Below are the records. Retype, exactly, the lines from the first through the line with "This cart has", and leave out the pictures.

● ● ●

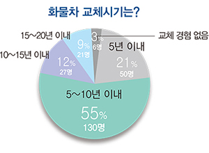 뒤를 이어 5년 이내 21%(50명), 10~15년 이내 12%(27명), 15~20년 이내 9%(21명), 교체경험 없음 3%(6명) 순으로 집계됐다.
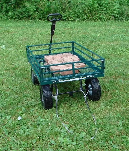 This cart has a 1200# capacity (I don’t know the weight of the cart itself, but it’s over 50#). I used 1400# test vinyl-coated metal rope for the traces. I clip him in using a screw-gate carabiner. I tied down the steering mechanism, but am still having some trouble keeping it from moving around, so it sometimes doesn’t track very straight. If anyone has any suggestions on how to improve that, please let me know in the comments section.
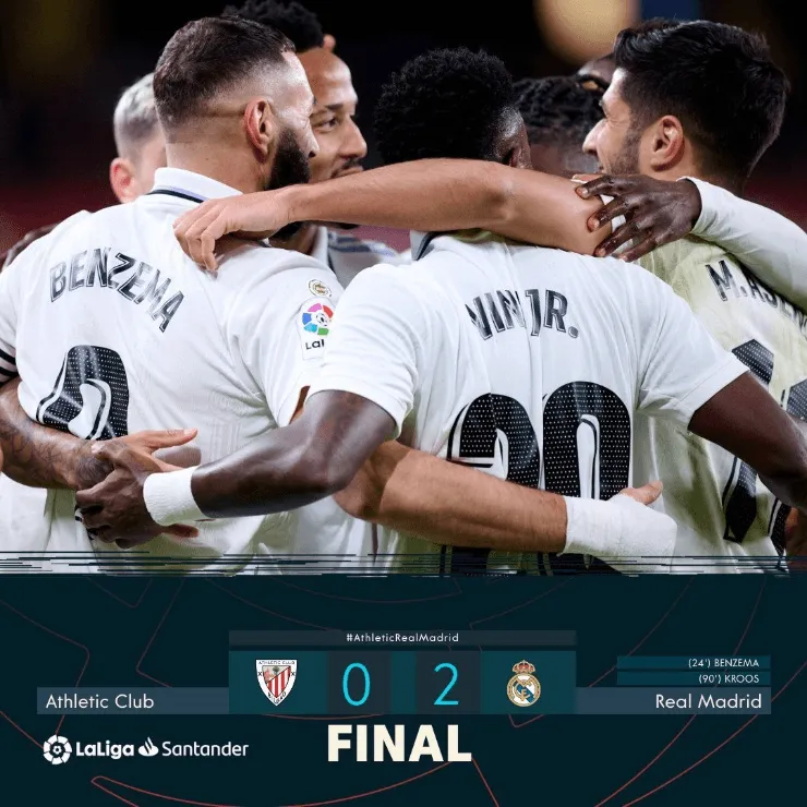 Pero minutos después, el Madrid consiguió el primer tanto del partido gracias a su goleador francés, Karim Benzema. Un disparo con la pierna izquierda, desde el centro del área, que nada pudo hacer el arquero Unai Simón.
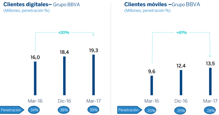 Un aumento de los clientes que va unido a un incremento de la actividad tanto a través del ordenador como del móvil gracias a las apps con las que cuentan los bancos. Por ejemplo; las ventas digitales de BBVA se han incrementado en estos tres primeros meses del año desde el 17,1% hasta el 24% del total, mientras que en Santander los accesos a la banca digital aumentan un 34% y las transacciones monetarias lo hacen un 31%, con respecto al primer trimestre de 2016.
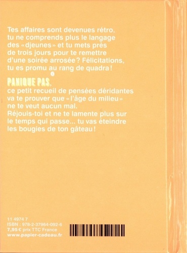 Tes affaires sont devenues rétro, tu ne comprends plus le langage des "djeunes" et tu mets près de trois jours pour te remettre d'une soirée arrosée ? Félicitations, tu es promu au rang de quadra ! Panique pas, ce petit recueil de pensées déridantes va te prouver que "l'âge du milieu" ne te veut aucun mal. Réjouis-toi et ne te lamente plus sur le temps qui passe... tu vas éteindre les bougies de ton gâteau !
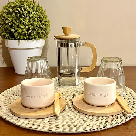 Misafirler, manzaralı havuzuna dalabilir. Agrippina Daire dairesinde dinlenme koltukları, güneş şemsiyeleri gibi plaj olanakları bulunmaktadır.
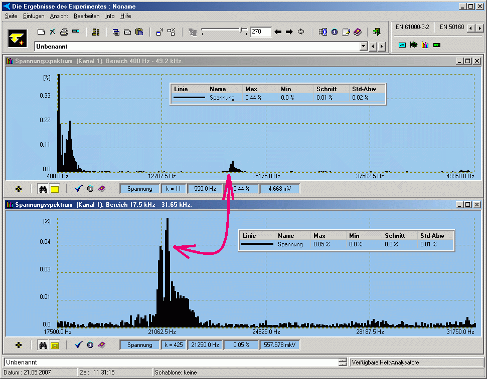 Der untere Graph zeigt ein Spektrum dass einen Ausschnitt aus dem Spektrum oben darstellt. Auf diese Weise kann der Anwender für verschiedene Frequenzbereiche getrennte Objekte im Abbildungssystem platzieren und mit beliebigen weiteren Objekten ergenzen.
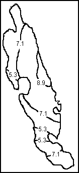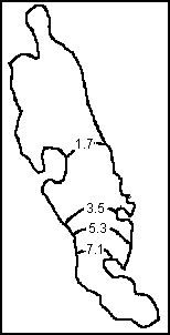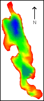 The lake has relatively shallow bays along its east and west sides (Figure 1), which often result in great spatial variation in flow properties across the lake (occasionally, water in the shallows may be near-stationary compared to water in the central trough). Stratification occurs from May until early October, with a thermocline occurring at approximately 6 m. Subsurface return flows occur just above this thermocline (George and Heaney, 1978).
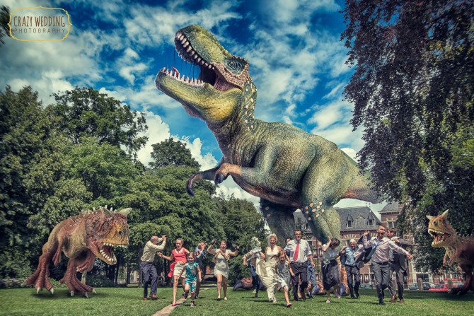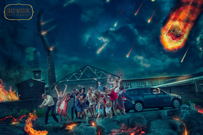 A fotografia de casamento, via de regra, geralmente é aquele registro de um belo e memorável dia para duas pessoas. Mas e que tal, no meio de toda essa felicidade e ternura, surgir um dinossauro? Ou meteoros começarem a cair do céu transformando o momento em um verdadeiro apocalipse?
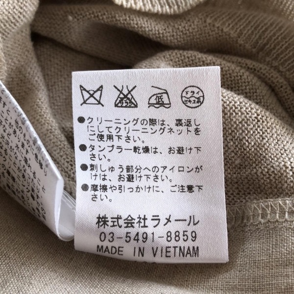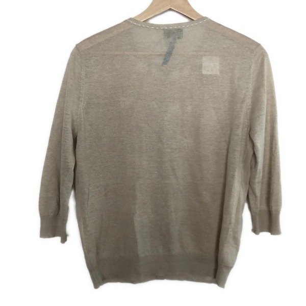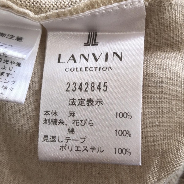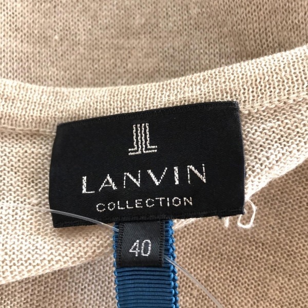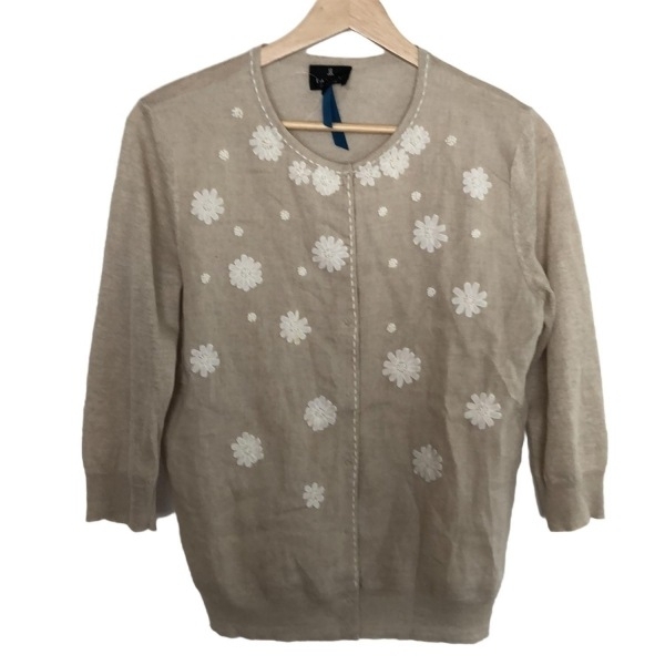 ランバンコレクション LANVIN COLLECTION カーディガン サイズ40 M - ベージュ×白 レディース 七分袖/麻/刺繍/フラワー(花) トップス
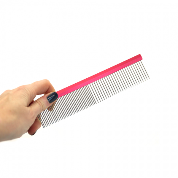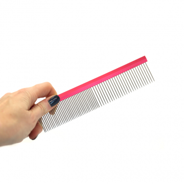 Dugi metalni češalj s ravnomjerno i široko raspoređenim zupcima. Idealan je za podizanje i oblikovanje kose tijekom šišanja. Unatoč svojoj dužini, izuzetno je lagan, ali istovremeno kompaktan i izdržljiv.
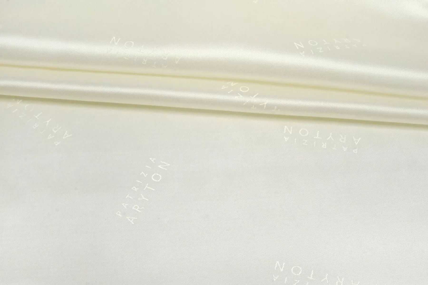 Внимание! Присутствуют чёрные полоски см. фото. Жаккардовая подкладочная вискоза нежного сливочно-белого цвета, диагонального плетения с выработкой Patrizia Aryton. Тактильно приятная, мягкая. Достаточно тонкая и легкая. Не тянется. Немного мнется. Отличный вариант подкладки к костюмной группе, легким пальто, курткам, тренчам. Обязательно учитывайте возможную усадку 5-10%

● ● ●

§ WRITTEN SOLUTION:
 뒤를 이어 5년 이내 21%(50명), 10~15년 이내 12%(27명), 15~20년 이내 9%(21명), 교체경험 없음 3%(6명) 순으로 집계됐다.
 This cart has a 1200# capacity (I don’t know the weight of the cart itself, but it’s over 50#). I used 1400# test vinyl-coated metal rope for the traces. I clip him in using a screw-gate carabiner. I tied down the steering mechanism, but am still having some trouble keeping it from moving around, so it sometimes doesn’t track very straight. If anyone has any suggestions on how to improve that, please let me know in the comments section.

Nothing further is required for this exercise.